Последняя реплика принадлежала Ричарду. Она была принята благосклонно, поскольку, как часто говорят, всем нам время от времени полезно посмеяться от души. Или хотя бы просто посмеяться. Смех нам необходим как воздух. Ричард опустил голову и отвернулся. На самом деле он не это хотел сказать. Совсем не это. Но мир Гвина отчасти был достоянием общественности. В то время как мир Ричарда все больше и больше становился до ужаса частным. А некоторые из нас — рабы своей жизни.
— Думаю, я могу обойтись писательским трудом, — ответил Гвин. — Впрочем, нельзя сказать, что это вещи несовместимые, верно? И писать книги, и заниматься политикой — это в равной степени работа творческая.

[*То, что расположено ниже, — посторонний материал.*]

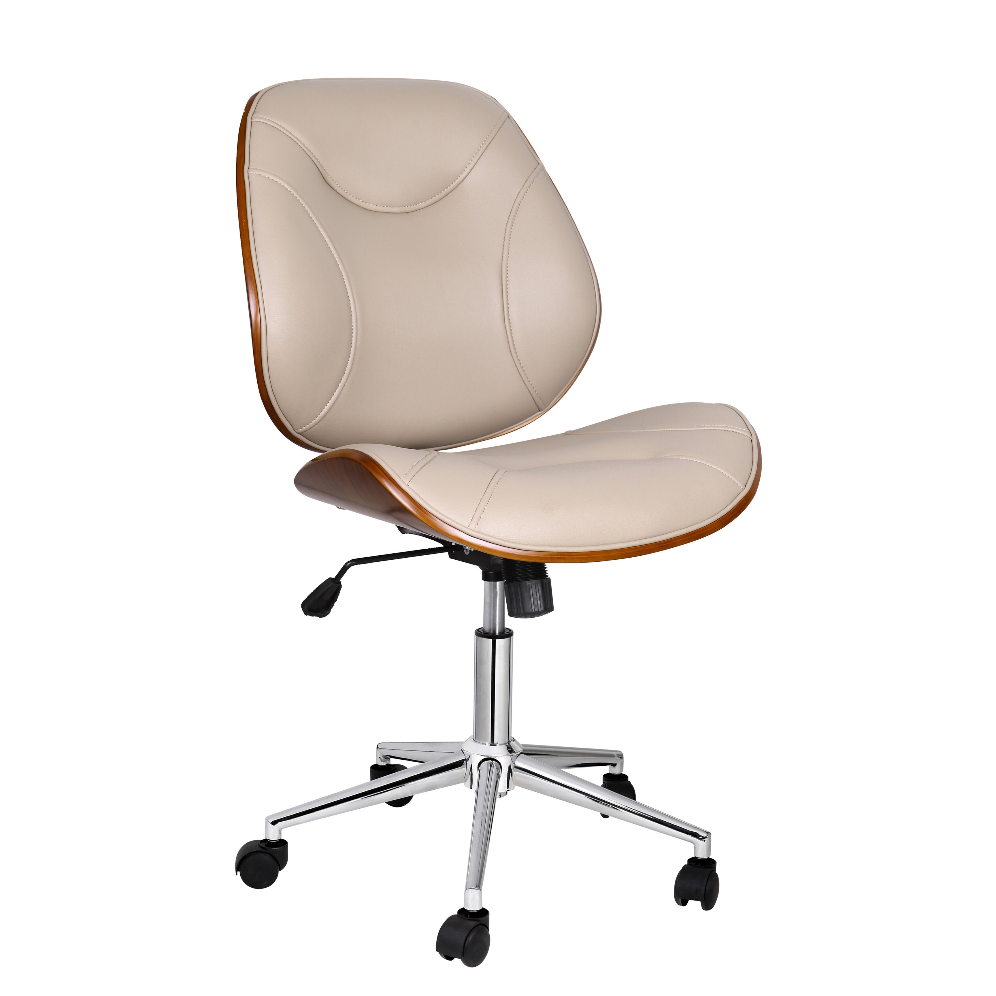 Porthos Home Izan Armless Swivel Office Chair, Chrome Base, PU Leather
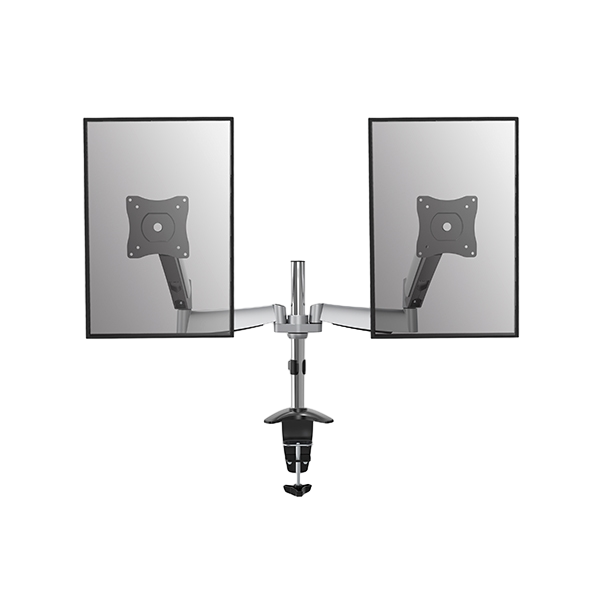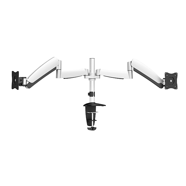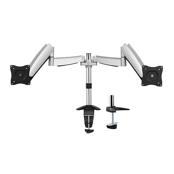 Soporte de pantalla articulado para mesa con dos brazos para dos pantallas de entre 13" y 27". Brazo hidraulico inclinable y giratório 360 grados. Compatibilidad VESA 100. Capacidad de hasta 9 kilos. Construido en aluminio resistente y ligero.

— Разумеется, вы выступали бы от партии лейбористов.
— Очевидно.
— Разумеется.
— Разумеется.
Разумеется, подумал Ричард. Само собой: разумеется, Гвин — лейборист. Это было очевидно. И волнистые карнизы в двадцати футах над их головами, бронзовые светильники или письменный стол с обтянутой кожей столешницей здесь вовсе ни при чем. Это было очевидно, потому что Гвин был тем, кем он был, — писателем в Англии в конце двадцатого века. Ничего другого такому человеку не оставалось. Ричард тоже был лейбористом, что было также очевидно. Он вращался в таких кругах и читал такие книги, что ему часто казалось, что в Англии лейбористы все, кроме членов правительства. Гвин был сыном школьного учителя из Уэльса (что он преподавал? — физкультуру — когда-то он был учителем физкультуры). Сейчас Гвин принадлежал к среднему классу и был лейбористом. Ричард был сыном одного из сыновей землевладельца в одном из графств, окружающих Лондон. Теперь и он был представителем среднего класса и лейбористом. Все писатели, все люди, так или иначе связанные с литературой, были лейбористами — и в этом одна из причин, почему они ладили между собой, почему до сих пор не затаскали друг друга по судам и не покалечили. Не то что в Америке, где старый хрыч из Алабамы вынужден общаться с богачом из Виргинии, а измученный литовец должен протягивать руку двухметровому верзиле из Кейп-Кода с глазами святоши. Кстати, Ричард не имел ничего против того, что Гвин богач и лейборист. И он не был против того, чтобы Гвин был просто богачом. Очень важно определить природу неприязни (очистить ее от всего лишнего), прежде чем все станет по-настоящему страшно, изодрано в клочья. «Это из-за него я ударил своего ребенка, — думал Ричард. — Из-за него я — со своей женой…» Богач и лейборист — прекрасно. Вечно нищая жизнь — прекрасная подготовка к тому, чтобы жить в роскоши. Во всяком случае, лучше подготовки, какую получаешь, когда всегда живешь в роскоши. Пусть социалист пьет шампанское. Для него это в новинку. Но так или иначе — кого это волнует? Когда-то Ричард был даже коммунистом — когда ему было чуть больше двадцати, — однако ничего хорошего из этого не вышло.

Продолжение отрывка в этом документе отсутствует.